Is there a command in pytz
or pandas to get the system time zone? (preferably in python 2.7 )
Upvotes: 24
Views: 46943
Reputation: 1310
Quite a few locale time related settings from OS level is covered by time
module
import time
# Since Python 3.3
local_time = time.localtime() # returns a `time.struct_time`
tzname_local = local_time.tm_zone # 'EST'
dst = local_time.tm_isdst # _from docs_: may be set to 1 when daylight savings time is in effect,
# and 0 when it is not. A value of -1 indicates that this is not known,
# and will usually result in the correct state being filled in.
tm_gmtoff
andtm_zone
attributes are available on platforms with C library supporting the corresponding fields instruct tm
.
see: https://docs.python.org/3/library/time.html#time.struct_time
# At least from Python 2.7.18
local_tzname = time.tzname # 'EST'
A tuple of two strings: the first is the name of the local non-DST timezone, the second is the name of the local DST timezone. If no DST timezone is defined, the second string should not be used. see: https://docs.python.org/2.7/library/time.html#time.tzname)
Another trick is to use datetime.now().astimezone()
as found here and the reason why it fails on python 2.x
from datetime import datetime
# Python 3 will return a datetime with local timezone,
local_now = datetime.now().astimezone()
# Doesn't work on python 2.x
# datetime.now().astimezone() -> TypeError: Required argument 'tz' (pos 1) not found
# datetime.now().astimezone(dateutil.tz.UTC) -> ValueError: astimezone() cannot be applied to a naive datetime
local_tz = local_now.tzinfo # datetime.timezone
local_tzname = local_tz.tzname(local_now)
print(local_tzname)
Upvotes: 4
Reputation: 503
I have found that in many cases this works: (Since Python 3.6)

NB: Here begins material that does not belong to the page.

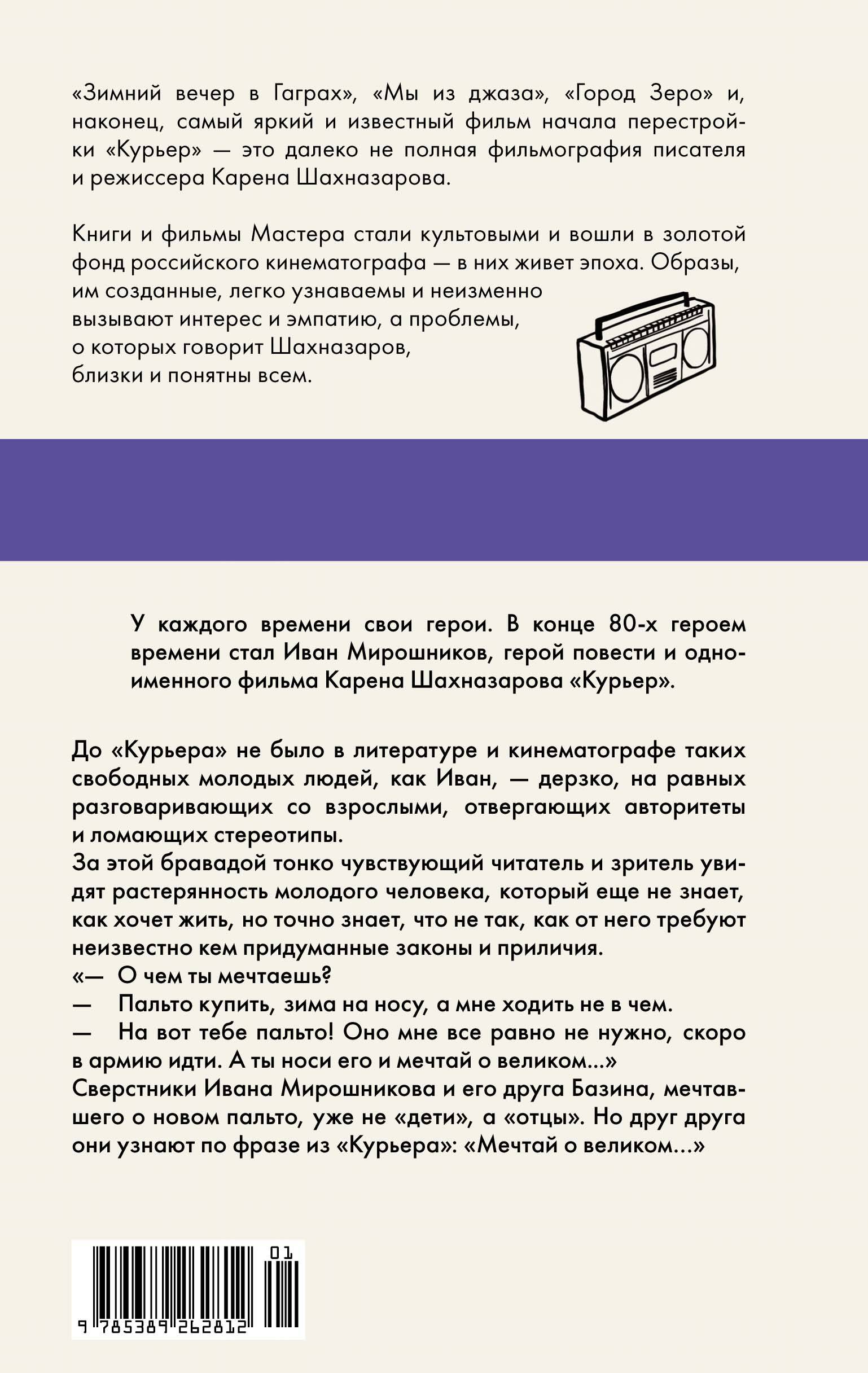 У каждого времени свои герои. В конце 80-х героем времени стал Иван Мирошников, герой повести и одноименного фильма Карена Шахназарова "Курьер". До "Курьера" не было в литературе и кинематографе таких свободных молодых людей, как Иван, - дерзко, на равных разговаривающих со взрослыми, отвергающих авторитеты и ломающих стереотипы. За этой бравадой тонко чувствующий читатель и зритель увидят растерянность молодого человека, который еще не знает, как хочет жить, но точно знает, что не так, как от него требуют неизвестно кем придуманные законы и приличия. "- О чем ты мечтаешь? - Пальто купить, зима на носу, а мне ходить не в чем. - На вот тебе пальто! Оно мне все равно не нужно, скоро в армию идти. А ты носи его и мечтай о великом..." Сверстники Ивана Мирошникова и его друга Базина, мечтавшего о новом пальто, уже не "дети", а "отцы". Но друг друга они узнают по фразам из "Курьера": "Мечтай о великом…"| Издательство | Азбука-Аттикус Издат.группа ООО |

from datetime import datetime
# use this extension and it adds the timezone
tznow = datetime.now().astimezone()
print(tznow.isoformat())
2020-11-05T06:56:38.514560-08:00
# It shows that it does have a valid timezone
type(tznow.tzinfo)
<class 'datetime.timezone'>
I find this handy as it does not depend on external packages. It appears to work only in Python3 (but not in Python2)
Upvotes: 20
Reputation: 11504
While it doesn't use pytz/Pandas, the other answers don't either, so I figured I should post what I'm using on mac/linux:
import subprocess
timezone = subprocess.check_output("date +%Z")
Benefits over the other answers: respects daylight savings time, doesn't require additional libraries to be installed.
Upvotes: 1
Reputation: 46789
time.timezone
should work.
The offset of the local (non-DST) timezone, in seconds west of UTC (negative in most of Western Europe, positive in the US, zero in the UK).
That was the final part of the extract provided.